Assessment of microbiota in the gut and upper respiratory tract associated with SARS-CoV-2 infection

Abstract:

Background: The human microbiome plays an important role in modulating the host metabolism and immune system. Connections and interactions have been found between the microbiome of the gut and oral pharynx in the context of SARS-CoV-2 and other viral infections; hence, to broaden our understanding of host-viral responses in general and to deepen our knowledge of COVID-19, we performed a large-scale, systematic evaluation of the effect of SARS-CoV-2 infection on human microbiota in patients with varying disease severity.

Results: We processed 521 samples from 203 COVID-19 patients with varying disease severity and 94 samples from 31 healthy donors, consisting of 213 pharyngeal swabs, 250 sputa, and 152 fecal samples, and obtained meta-transcriptomes as well as SARS-CoV-2 sequences from each sample. Detailed assessment of these samples revealed altered microbial composition and function in the upper respiratory tract (URT) and gut of COVID-19 patients, and these changes are significantly associated with disease severity. Moreover, URT and gut microbiota show different patterns of alteration, where gut microbiome seems to be more variable and in direct correlation with viral load; and microbial community in the upper respiratory tract renders a high risk of antibiotic resistance. Longitudinally, the microbial composition remains relatively stable during the study period.

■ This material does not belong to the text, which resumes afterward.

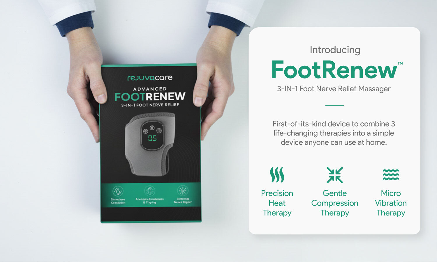 FootRenew is built around the “triple method” approach (warmth + massage + compression).

Conclusions: Our study has revealed different trends and the relative sensitivity of microbiome in different body sites to SARS-CoV-2 infection. Furthermore, while the use of antibiotics is often essential for the prevention and treatment of secondary infections, our results indicate a need to evaluate potential antibiotic resistance in the management of COVID-19 patients in the ongoing pandemic. Moreover, a longitudinal follow-up to monitor the restoration of the microbiome could enhance our understanding of the long-term effects of COVID-19.

Source: Li J, Jing Q, Li J, Hua M, Di L, Song C, Huang Y, Wang J, Chen C, Wu AR. Assessment of microbiota in the gut and upper respiratory tract associated with SARS-CoV-2 infection. Microbiome. 2023 Mar 3;11(1):38. doi: 10.1186/s40168-022-01447-0. PMID: 36869345; PMCID: PMC9982190. https://www.ncbi.nlm.nih.gov/pmc/articles/PMC9982190/ (Full text)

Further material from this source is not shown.